The answer must be the lines from the one that holds "最后就按普通斜板的处理方法,画上钢筋.处" through the final line of the data, copied exactly, with no pictures.

[Dataset entries]
• • •

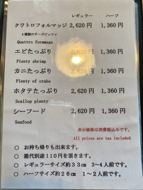 「松茸ピザ(ハーフ)@3,800円」
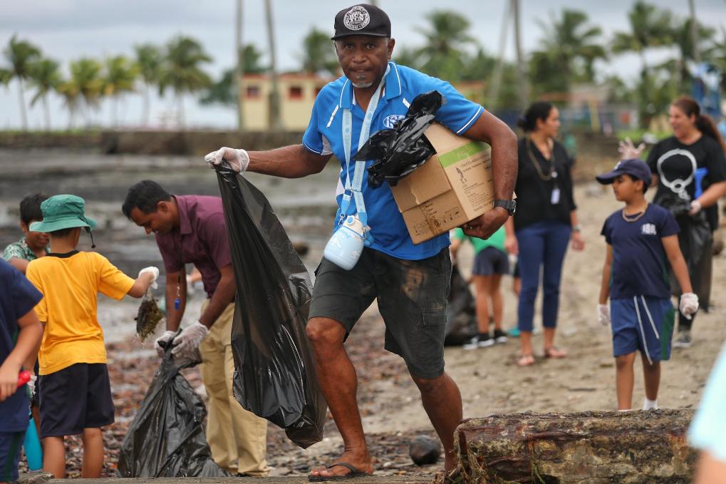 2023年6月7日,师生在斐济首都苏瓦清理海滩垃圾。新华社发(桑钦龙摄)
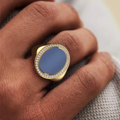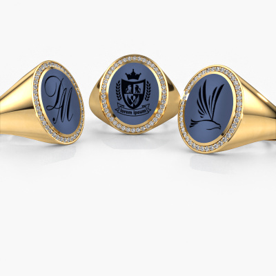 The solid Adam 4 signet ring with oval shape blue sardonyx stone top, as shown above, is filled with tradition. Customary, the signet ring was passed down from father to son. Start your own tradition with this solid gold signet ring. We are also more than happy to engrave your ring with a monogram or family crest. Please check our database for further inquiries and options. You can find the departments of our education centre at the bottom of this page. Start a new tradition with the exclusive gold Adam 4 signet ring. The best part of this luxury signet ring is that you can customize it to your own liking. Your style, your choice, your signet ring. On top of that, your exclusive gold signet ring will be made by hand with eco-friendly materials! Please feel free to easily customize the ring, using our online tool. Of course, you can always contact us. We will gladly help you compiling your exclusive signet ring. Is there a design you like, but you would like to customize it with a gemstone we do not offer on our website, then please contact us. We're happy to tell you about the possibilities.Our team of talented, passionate designers add new ring designs to our online collection daily. Our objective in doing so, is to be able to offer you a wide variety of jewels. Please feel free to request a quote if you have specific wishes for your ring. We guarantee to make you an offer you can't refuse.After receiving your order, our goldsmiths will passionately start the creative process of making your ring in our own studio. Because we don't have a big stockpile, these costs will not be passed on to you. Our pricing is proof of that! We offer top quality jewels at lowest price, guaranteed.To make it easier for you, we offer a 30 day return policy. Check our terms and conditions.
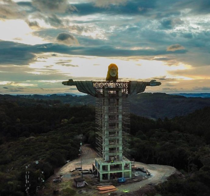 A obra do Cristo de Encantado ganhou destaque na semana passada, quando os promotores do projeto concluíram o içamento dos braços e da cabeça da estátua.
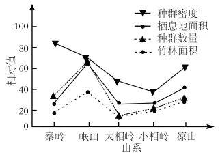 A.在五个山系中,大熊猫的环境容纳量最大的是秦岭
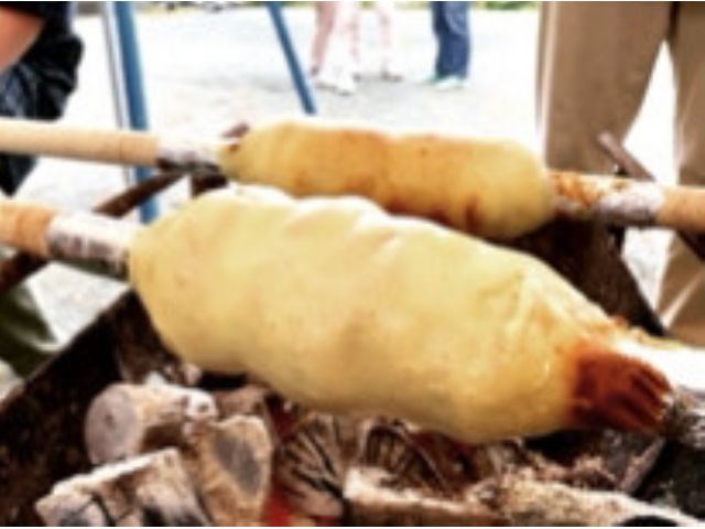 炭の上でくるくるくるくる。木の棒を回してじっくり焼き上げます。
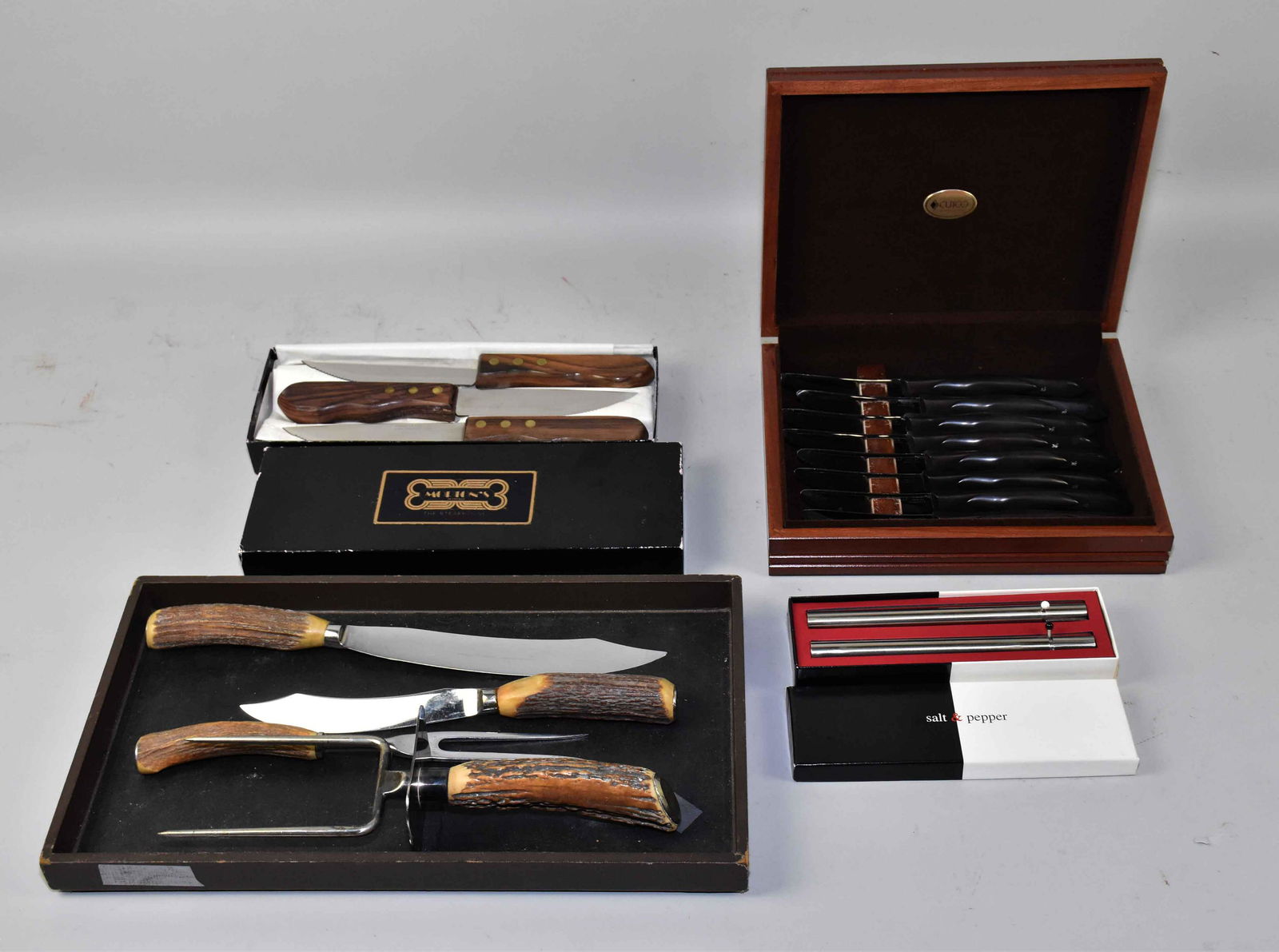 LOT OF 19: NOVELTY, FIGURAL MINIATURE KNIVES.Feb 25, 2026LOT OF 21: NOVELTY, MINIATURE, AND FIGURAL KNIVES.Feb 25, 2026LOT OF 5: LETTER OPENER KNIVES, QUEEN, DOLPHIN, PRESTO SWITCHBLADEFeb 25, 2026LOT OF 3: STAINLESS CUTLERY, RICHARD’S & CONOVER, WESTERN, POCKET KNIVES.Feb 25, 2026LOT OF 3: CHALLENGE AND FLYOCK TWO BLADE DOUBLE SWITCHBLADES.Feb 25, 2026LOT OF 5: VALLEY FORGE AND C.F. WOLFERTZ, POCKET KNIVES.Feb 25, 2026LOT OF 3: VICTORINOX SWITZERLAND SWISS CHAMP MULTI-BLADE SPORTSMAN KNIVES.Feb 25, 2026A composed lot of eight various antique French silver-plated CHRISTOFLE cutlery sets7 days LeftLOT OF 6: QUEEN, DAN BURKE, SCHATT & MORGAN, AND QUEEN CITY POCKET KNIVES.Feb 25, 2026LOT OF 4: CATTARAUGUS CUTLERY CO. POCKET KNIVES, LINER LOCK, PEARL, BARLOW, SENATOR ETCHEDFeb 25, 2026LOT OF 2: WILLIAM HENRY L20-PC1 SPECTRUM AND T10 TWIST FOLDING KNIVES.Feb 25, 2026LOT OF 4 GERMAN WESTER BROS., KRUSIUS, AND GLICO. WHITTLERS MULTI-BLADE KNIVES.Feb 25, 2026LOT OF 5: MULTI-TOOL, MILITARY POCKET KNIVES. ULSTER MOUNTAIN KNIFE, RUSSELL NAVY KNIFEFeb 25, 2026LOT OF 3: JAGUAR ROSTFREI ITALIAN MULTI-BLADE RING PULL SHOT SHELL PULLER HUNTER SWITCHBLADE,Feb 25, 2026LOT OF 5: FAYETTEVILLE KNIFE CO., MILLER BROS., WITTE’S PRIDE ETCHED, GW&H HDWE POCKET KNIVES.Feb 25, 2026LOT OF 5: MOTHER OF PEARL GUNSTOCK ORANGE BLOSSOM WHITTLERS, CAMILLUS, BOKER, DURO-EDGE, KENN KUTTERFeb 25, 2026
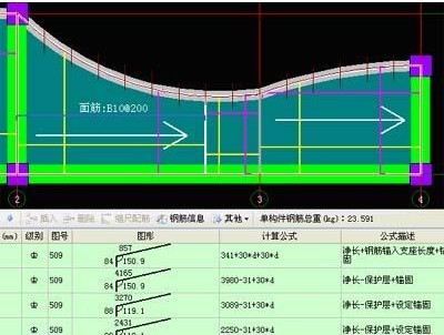 最后就按普通斜板的处理方法,画上钢筋.处理好与梁相关构件,再计算.一块手工花上半天几乎都计算不准确的弧形斜板就完成了.
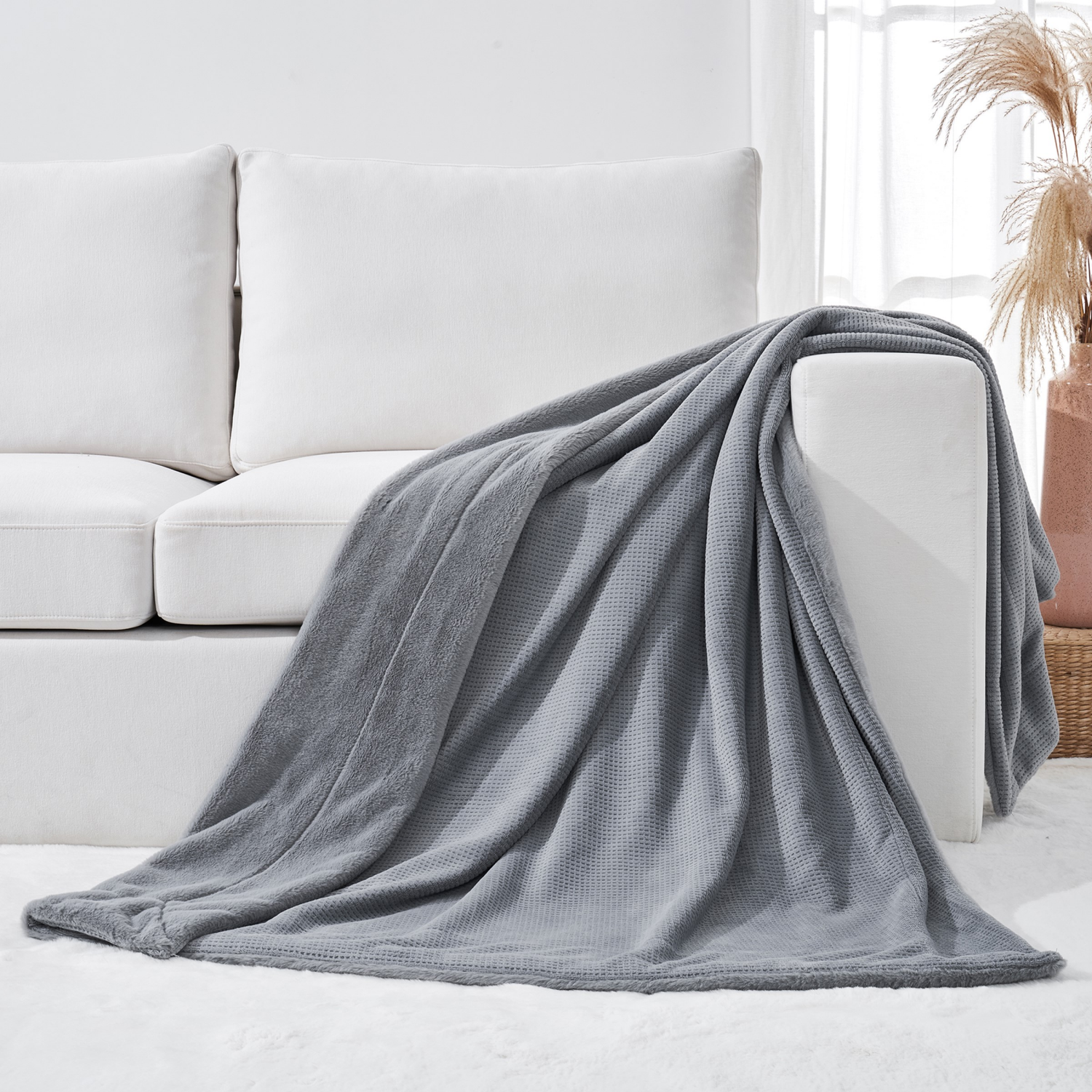 Room & Retreat Waffle Throw, 50 In X 70 In, Grey

• • •

Expected answer:
 最后就按普通斜板的处理方法,画上钢筋.处理好与梁相关构件,再计算.一块手工花上半天几乎都计算不准确的弧形斜板就完成了.
 Room & Retreat Waffle Throw, 50 In X 70 In, Grey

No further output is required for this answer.